FIGURE 4.40  This very cyanotic patient has a chest radiograph showing a large heart, narrow superior mediastinum, and pulmonary vascularity that is slightly, but not dramatically, increased. The patient is a 3-day-old infant with transposition of the great vessels; the vascularity is going through the transition between the very high vascular resistance in utero and the low vascular resistance of an air-breathing baby. Over the course of subsequent days, the vascular resistance will drop further and the lungs will become flooded.


With those rules to consider, it is possible to set out a systematic approach to looking at the chest film of a newborn with congenital heart disease. First, see whether the heart is enlarged and whether you can determine which chamber is enlarged. Next, determine whether the vascularity is normal or increased, keeping in mind that the younger the baby, the less confident you can be to find increased vascularity. Finally, you need to talk to your clinical colleagues and find out whether the baby is truly cyanotic, as defined by arterial oxygen saturation of under 80% with a normal arterial CO2 saturation. With those pieces of information you can look at Figs. 4.41 and 4.42 and make a rough estimate as to what type of congenital heart disease the baby may have (Figs. 4.43 to 4.45).


MEDIASTINAL MASSES


Other than the thymus and bronchi, the remainder of the structures in the pediatric mediastinum are relatively inconspicuous unless abnormal. Pediatric mediastinal abnormalities (masses) conform to a compartmental scheme. If you can accurately identify the compartment where a mass is located, you can provide an intelligent differential diagnosis. The anterior mediastinum is defined as part of the mediastinum visible in front of the airway on lateral view, and the posterior mediastinum is defined as that portion of the mediastinum just posterior to the anterior edge of the vertebral bodies on lateral view. Everything else is the middle mediastinal compartment (Fig. 4.46). The whole trick is telling these compartments apart, and there are a few rules:


1. Clavicle cutoff sign: The anterior chest is anatomically lower than the posterior chest, so if a mass stops at the inferior margin of the clavicle on the PA chest radiograph, it has to be in the anterior mediastinum (Fig. 4.47).



FIGURE 4.41  Flow diagram for neonates suspect for heart disease.
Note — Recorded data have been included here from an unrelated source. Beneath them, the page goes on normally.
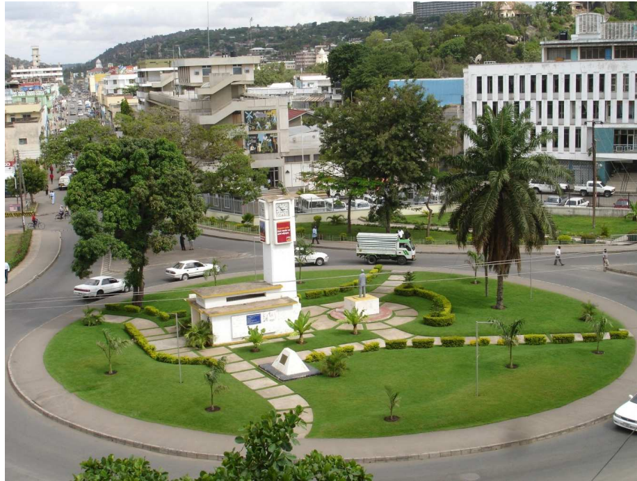
Photo: Central Round-about to depict City Beautification through Community Participation

For 9 years consecutively voted nationally as the Cleanest City in Tanzania (2006 - 2014)
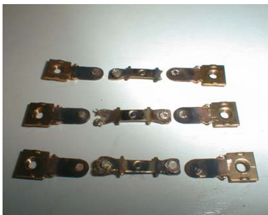
Here we can see the type of damage that has occurred to the contacts inside the contactor after a compressor failure.

It is often the case that after a compressor failure the contactor itself is also damaged. This will result in the contactor either not working at all or not working correctly. In this situation some engineers have condemned the new compressor has being DOA (Dead On Arrival) or the new compressor has been fitted and then suffered catastrophic damage and itself needed replacing.
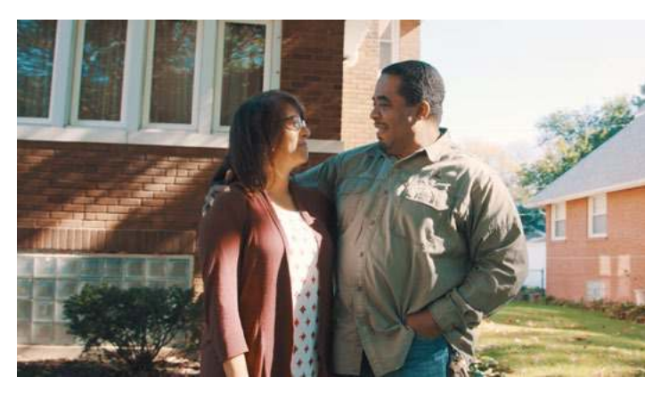
VIDEO "The Scars of Racism"

FIGURE 4.42  Flow diagram for older children suspect for heart disease.



FIGURE 4.43  This child has a huge heart. Note that the superior mediastinum has a large shadow to the right of the trachea, a right aortic arch. The vessels are large, flooding the lung. If we add the information that the child was cyanotic, then this becomes a characteristic truncus arteriosis. Approximately 40% of truncus patients have a right arch.



FIGURE 4.44  A large heart and increased vascularity; however, this time the child is not cyanotic. This usually means either a left heart obstructive lesion or a failure for some other reason. The child has a hypoplastic left heart.



FIGURE 4.45  A large heart and increased vascularity in a 2-week-old baby—findings typical for transposition of the great vessels. Note the very thin mediastinum because the pulmonary artery is directly in front of the aorta as opposed to being slightly to the left of it. This is characteristic of the transposition of the great vessels.



FIGURE 4.46  A normal lateral view of the chest, with barium in the esophagus, delineates the boundaries of the anterior (A), middle (M), and posterior (P) mediastinum. When you consider mediastinal masses, it is important mentally to divide the mediastinum into these components as it helps you localize the likely diagnosis for the cause of the mass.



FIGURE 4.47  This anterior mediastinal lymphoma stops right at the undersurface of the clavicles. Remember that the anterior portion of the chest is physically lower than the posterior portion of the chest; therefore, any mass that has the clavicle as its superior margin must be an anterior mediastinal mass.



FIGURE 4.48  This teenager has an anterior mediastinal mass. Note that the descending branch of the right pulmonary artery (arrows) is visible through the mass, documenting that the tumor is not in the same plane as the vessel; otherwise, the silhouette sign would prevent the vessel from being visible. This is called the hilum overlay sign where masses out of plane of the hilum (usually anterior mediastinal masses) allow hilar structures to be visualized.


2. Hilum overlay sign: Structures in the far anterior mediastinum overlie the vessels at the lung hilum; therefore, the vessels are usually seen through these structures (Fig. 4.48).


3. Posterior rib effacement: Posterior mediastinal masses frequently spread the posterior ribs; therefore, distortion or asymmetry of the posterior ribs is a good sign that the mass is posterior (Fig. 4.49).



FIGURE 4.49  This child has a huge posterior mediastinal mass on the left. Note how the mass has spread the ribs posteriorly. Masses that distort the posterior ribs are almost always neural crest in origin, in this case a ganglioneuroblastoma.


4. Airway distortion sign: Masses that distort the esophagus or compress the airways are almost surely middle mediastinum (Fig. 4.50).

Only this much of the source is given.